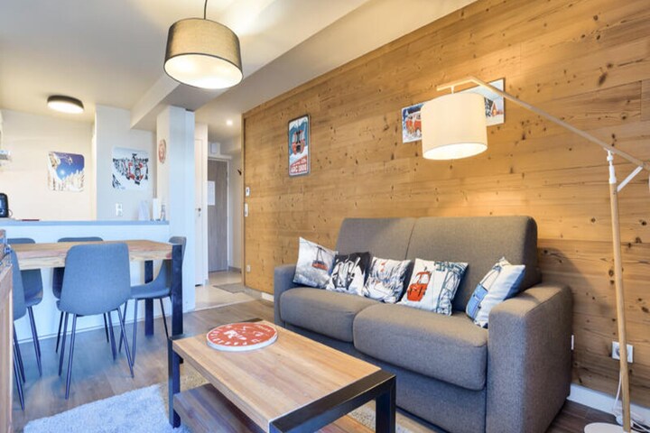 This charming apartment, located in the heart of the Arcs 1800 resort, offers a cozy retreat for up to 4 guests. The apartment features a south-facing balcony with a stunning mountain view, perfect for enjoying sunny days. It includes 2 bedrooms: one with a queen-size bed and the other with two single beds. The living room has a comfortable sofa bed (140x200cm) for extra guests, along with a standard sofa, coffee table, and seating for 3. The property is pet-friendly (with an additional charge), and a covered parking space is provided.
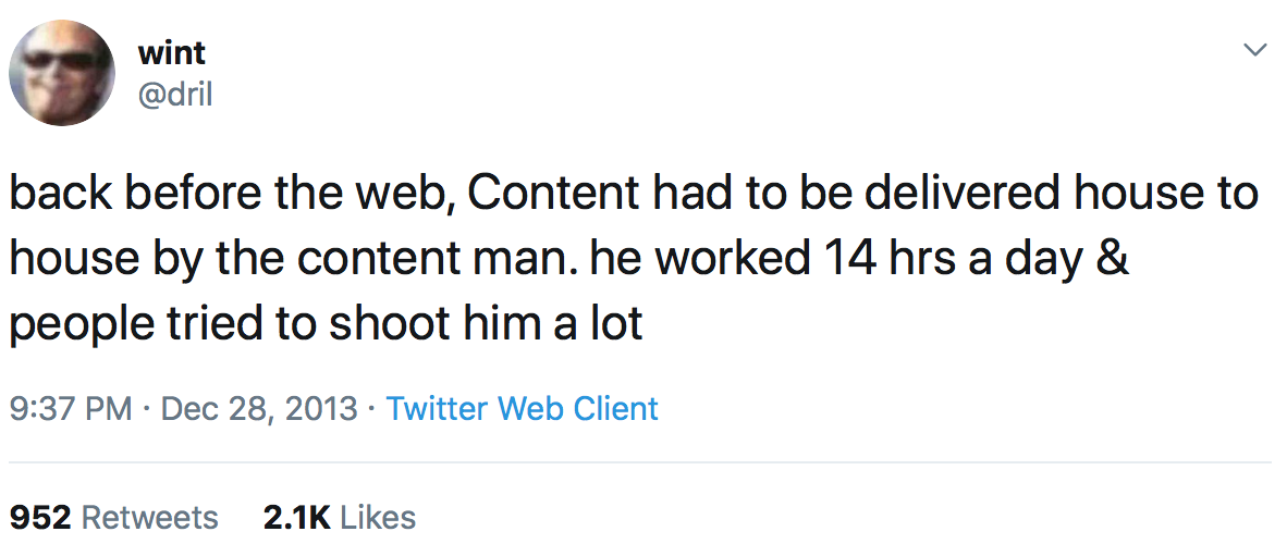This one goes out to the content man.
...
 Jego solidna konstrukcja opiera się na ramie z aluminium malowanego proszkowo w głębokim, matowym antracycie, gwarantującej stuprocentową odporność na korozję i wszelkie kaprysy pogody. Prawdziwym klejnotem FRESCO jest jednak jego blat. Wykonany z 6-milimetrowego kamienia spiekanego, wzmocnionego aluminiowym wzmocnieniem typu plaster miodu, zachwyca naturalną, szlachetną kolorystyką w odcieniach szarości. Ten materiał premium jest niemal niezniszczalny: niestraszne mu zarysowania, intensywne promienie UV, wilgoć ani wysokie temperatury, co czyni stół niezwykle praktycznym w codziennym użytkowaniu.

### Exercise prompt
Taking the entries above, copy word for word the lines from the one with "This charming apartment, located" up to and including the one with "This one goes out to the content man.", without any picture.

### Task response
 This charming apartment, located in the heart of the Arcs 1800 resort, offers a cozy retreat for up to 4 guests. The apartment features a south-facing balcony with a stunning mountain view, perfect for enjoying sunny days. It includes 2 bedrooms: one with a queen-size bed and the other with two single beds. The living room has a comfortable sofa bed (140x200cm) for extra guests, along with a standard sofa, coffee table, and seating for 3. The property is pet-friendly (with an additional charge), and a covered parking space is provided.
This one goes out to the content man.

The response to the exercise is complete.